» **Work to complete**: Among the entries below, find every line that contains the string "rubber", then copy it.

» **Raw data**:
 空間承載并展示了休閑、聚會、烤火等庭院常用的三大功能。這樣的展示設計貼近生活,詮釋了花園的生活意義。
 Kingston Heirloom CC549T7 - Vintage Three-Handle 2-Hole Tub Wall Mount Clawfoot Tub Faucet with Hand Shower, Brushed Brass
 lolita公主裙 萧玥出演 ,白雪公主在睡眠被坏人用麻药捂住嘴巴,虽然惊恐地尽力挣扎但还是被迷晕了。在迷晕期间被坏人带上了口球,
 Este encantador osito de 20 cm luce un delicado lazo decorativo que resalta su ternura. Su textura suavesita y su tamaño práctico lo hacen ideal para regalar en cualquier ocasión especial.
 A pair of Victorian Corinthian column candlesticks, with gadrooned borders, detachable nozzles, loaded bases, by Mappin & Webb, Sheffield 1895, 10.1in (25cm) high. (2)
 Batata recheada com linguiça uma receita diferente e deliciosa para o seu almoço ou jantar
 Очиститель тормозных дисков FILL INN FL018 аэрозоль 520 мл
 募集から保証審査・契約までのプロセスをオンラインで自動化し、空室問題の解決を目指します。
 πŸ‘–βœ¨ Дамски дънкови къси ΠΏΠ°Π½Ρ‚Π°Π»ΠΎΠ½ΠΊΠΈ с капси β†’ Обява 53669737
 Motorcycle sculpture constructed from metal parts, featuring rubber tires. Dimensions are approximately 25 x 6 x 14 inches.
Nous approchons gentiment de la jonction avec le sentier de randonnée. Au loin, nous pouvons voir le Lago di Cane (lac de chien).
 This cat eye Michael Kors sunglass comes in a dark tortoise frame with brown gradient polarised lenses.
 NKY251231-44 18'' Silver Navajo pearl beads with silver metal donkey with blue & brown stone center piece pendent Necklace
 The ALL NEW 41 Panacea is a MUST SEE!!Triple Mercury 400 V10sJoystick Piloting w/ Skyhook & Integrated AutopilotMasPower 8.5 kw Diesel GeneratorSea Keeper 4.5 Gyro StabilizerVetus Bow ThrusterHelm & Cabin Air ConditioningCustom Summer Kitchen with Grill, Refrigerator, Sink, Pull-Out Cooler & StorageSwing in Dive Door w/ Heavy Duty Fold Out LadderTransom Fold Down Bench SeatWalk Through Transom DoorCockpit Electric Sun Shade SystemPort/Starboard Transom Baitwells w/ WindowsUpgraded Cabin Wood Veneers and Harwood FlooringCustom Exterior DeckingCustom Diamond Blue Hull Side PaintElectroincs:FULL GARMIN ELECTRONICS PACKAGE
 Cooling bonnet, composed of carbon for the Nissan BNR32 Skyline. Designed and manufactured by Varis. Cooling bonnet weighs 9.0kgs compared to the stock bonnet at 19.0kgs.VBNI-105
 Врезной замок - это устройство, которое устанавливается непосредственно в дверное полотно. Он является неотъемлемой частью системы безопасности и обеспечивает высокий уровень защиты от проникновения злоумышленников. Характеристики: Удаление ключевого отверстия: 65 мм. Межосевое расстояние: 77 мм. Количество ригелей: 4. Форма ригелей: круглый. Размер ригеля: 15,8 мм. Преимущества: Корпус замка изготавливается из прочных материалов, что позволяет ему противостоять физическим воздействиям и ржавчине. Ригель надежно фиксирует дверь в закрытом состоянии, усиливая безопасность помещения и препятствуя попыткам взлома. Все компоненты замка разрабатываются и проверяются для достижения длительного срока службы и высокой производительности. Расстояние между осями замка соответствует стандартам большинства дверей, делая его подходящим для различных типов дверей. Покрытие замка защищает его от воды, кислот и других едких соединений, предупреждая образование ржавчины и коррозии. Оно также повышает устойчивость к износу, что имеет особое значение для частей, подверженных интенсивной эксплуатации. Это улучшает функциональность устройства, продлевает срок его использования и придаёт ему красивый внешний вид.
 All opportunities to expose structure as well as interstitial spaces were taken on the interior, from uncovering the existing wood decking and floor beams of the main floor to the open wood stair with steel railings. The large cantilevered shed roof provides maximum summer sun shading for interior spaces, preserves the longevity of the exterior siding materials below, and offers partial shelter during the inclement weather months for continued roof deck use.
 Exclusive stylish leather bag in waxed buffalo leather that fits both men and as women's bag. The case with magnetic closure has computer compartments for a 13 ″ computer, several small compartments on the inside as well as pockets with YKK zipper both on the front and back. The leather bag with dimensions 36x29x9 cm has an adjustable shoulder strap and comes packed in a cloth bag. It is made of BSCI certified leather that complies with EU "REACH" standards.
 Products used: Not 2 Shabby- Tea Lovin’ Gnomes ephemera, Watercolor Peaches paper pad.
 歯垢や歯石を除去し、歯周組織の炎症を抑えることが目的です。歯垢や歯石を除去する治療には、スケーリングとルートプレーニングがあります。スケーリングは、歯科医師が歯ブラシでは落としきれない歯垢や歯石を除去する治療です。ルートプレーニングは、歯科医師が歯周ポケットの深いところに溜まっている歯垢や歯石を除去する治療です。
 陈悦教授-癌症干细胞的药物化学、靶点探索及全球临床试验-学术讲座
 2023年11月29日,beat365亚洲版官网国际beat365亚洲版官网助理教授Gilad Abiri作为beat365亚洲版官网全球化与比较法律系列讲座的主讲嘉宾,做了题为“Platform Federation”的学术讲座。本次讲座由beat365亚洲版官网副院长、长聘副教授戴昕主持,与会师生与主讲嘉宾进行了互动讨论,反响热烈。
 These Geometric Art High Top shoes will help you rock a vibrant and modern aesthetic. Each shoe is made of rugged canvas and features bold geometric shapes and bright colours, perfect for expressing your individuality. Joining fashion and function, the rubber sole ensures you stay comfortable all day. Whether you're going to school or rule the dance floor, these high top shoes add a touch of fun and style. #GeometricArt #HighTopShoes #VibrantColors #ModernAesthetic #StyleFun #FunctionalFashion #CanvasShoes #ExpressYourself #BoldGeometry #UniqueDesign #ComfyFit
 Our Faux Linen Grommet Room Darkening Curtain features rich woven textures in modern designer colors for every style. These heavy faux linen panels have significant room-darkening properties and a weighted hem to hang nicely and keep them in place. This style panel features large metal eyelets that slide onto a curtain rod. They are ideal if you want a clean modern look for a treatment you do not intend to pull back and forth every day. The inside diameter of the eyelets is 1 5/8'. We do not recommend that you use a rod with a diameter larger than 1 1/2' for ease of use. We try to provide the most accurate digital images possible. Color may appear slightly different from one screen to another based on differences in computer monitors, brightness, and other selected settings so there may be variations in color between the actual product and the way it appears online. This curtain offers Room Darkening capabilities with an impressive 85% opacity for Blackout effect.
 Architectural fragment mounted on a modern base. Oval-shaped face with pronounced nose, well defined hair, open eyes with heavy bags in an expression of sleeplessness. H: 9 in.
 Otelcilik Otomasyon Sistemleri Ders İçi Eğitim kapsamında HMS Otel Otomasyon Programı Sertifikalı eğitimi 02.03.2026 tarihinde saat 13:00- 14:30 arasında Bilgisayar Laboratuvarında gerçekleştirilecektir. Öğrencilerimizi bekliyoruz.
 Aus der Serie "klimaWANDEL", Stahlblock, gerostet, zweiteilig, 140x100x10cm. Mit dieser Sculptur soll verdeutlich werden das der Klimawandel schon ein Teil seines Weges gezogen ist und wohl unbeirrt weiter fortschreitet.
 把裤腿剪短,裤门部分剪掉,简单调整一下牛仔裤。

» **Answer to the exercise**:
 Motorcycle sculpture constructed from metal parts, featuring rubber tires. Dimensions are approximately 25 x 6 x 14 inches.
 These Geometric Art High Top shoes will help you rock a vibrant and modern aesthetic. Each shoe is made of rugged canvas and features bold geometric shapes and bright colours, perfect for expressing your individuality. Joining fashion and function, the rubber sole ensures you stay comfortable all day. Whether you're going to school or rule the dance floor, these high top shoes add a touch of fun and style. #GeometricArt #HighTopShoes #VibrantColors #ModernAesthetic #StyleFun #FunctionalFashion #CanvasShoes #ExpressYourself #BoldGeometry #UniqueDesign #ComfyFit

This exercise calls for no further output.